Seqbench: A useful meta-database of sequence reads from multiple platforms

Little and often, little and often. This is my new blogging mantra.

A little project that I mentioned at UKNGS2012 is one Lex Nederbragt and I have been kicking around for a little while called Seqbench, but I've only just got time to publish about it on the blog.

It's quite a simple idea: a meta-database containing information and links to sequencing datasets with known reference sequences. It's not a sequence archive like NCBI SRA or ENA. It simply contains what we consider to be the most useful meta-data for a sequencing run, as well as direct links to the FASTQ or SFF files, where available (often via SRA/ENA).

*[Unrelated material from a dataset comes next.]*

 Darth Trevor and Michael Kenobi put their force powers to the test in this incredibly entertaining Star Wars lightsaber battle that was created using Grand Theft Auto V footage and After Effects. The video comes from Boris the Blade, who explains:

To start with we have focused on E. coli which is probably the most sequenced bacterial species (assuming you don't count mitochondria). The two strains we have focused on are K-12 MG1655 and the O104:H4 STEC from last year's Germany outbreak. So far we have collected almost 150 runs from a huge diversity of instruments including Illumina GA2, HiSeq, MiSeq, 454 GS Junior, 454 GS FLX, 454 GS FLX+, Ion PGM (314, 316, 318 chips) and PacBio. You've also got a variety of read lengths from 100 bases up to 15kb, with insert libraries between 180 bases and 8000 bases!

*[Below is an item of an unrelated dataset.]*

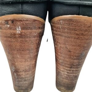 This is a pre-owned item that may show signs of wear. There are some scuffs on the wooden stacked heels and there is a tiny piece of wood missing, it is not noticeable.
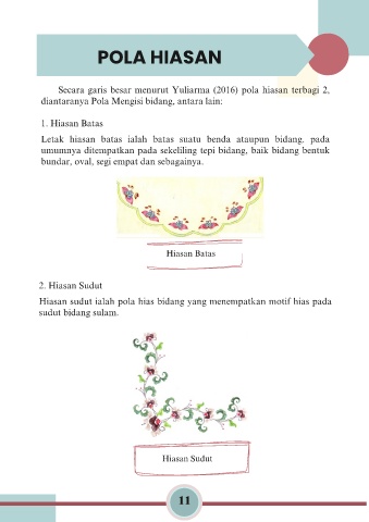 Secara garis besar menurut Yuliarma (2016) pola hiasan terbagi 2,

We couldn't just use SRA because a) many of the datasets are not in there b) the metadata is often incomplete and inconsistently encoded. Just to get this far has been a fair amount of work, trawling the short read archives, the literature and manufacturer's websites for datasets. It is not yet complete.

The data is available in a public Google Fusion Table, which permits easy export to CSV.

[iframe src="https://www.google.com/fusiontables/embedviz?viz=GVIZ&t=TABLE&containerId=gviz_canvas&q=select+col0%2C+col1%2C+col2%2C+col3%2C+col4%2C+col5%2C+col6%2C+col7%2C+col8%2C+col9%2C+col10%2C+col11%2C+col12%2C+col13%2C+col14%2C+col15%2C+col16%2C+col17%2C+col18%2C+col19+from+1-RvsucyVWJBXtvszrPKMzzA7laSwUfFxMDuzHu8" width=800 height=300 scrolling=yes]

You can even access this via a SQL interface using the Google Fusion Table API, e.g. with a command-line interface like Pfusion.

The dataset is under active curation by Lex and myself. When it is stable I plan to deposit it with a service that assigns a DOI to it, perhaps Figshare or GigaDB so it can be cited easily.

What's the point of such a dataset? Well, we find it extremely helpful for training purposes. For example, Lex and I used it to give a course on de novo assembly. We got the students to assemble different datasets and combinations of datasets and compare their results live, putting their results into a live edited Google Doc (very cool).

I used it again to help give a course on de novo assembly, alignment and SNP calling at SBTM12 (more on this in a forthcoming post, course booklet here).

I also think it would be an awesome resource if you were building bioinformatics software or pipelines, particularly assemblers, aligners or variant callers as the strains have "known truth" reference sequences (although they may have an error or two). You could also use it to do platform comparisons.

No doubt you could think of some other things to use it for as well!

Comments, thoughts on the dataset and its usability welcome below please.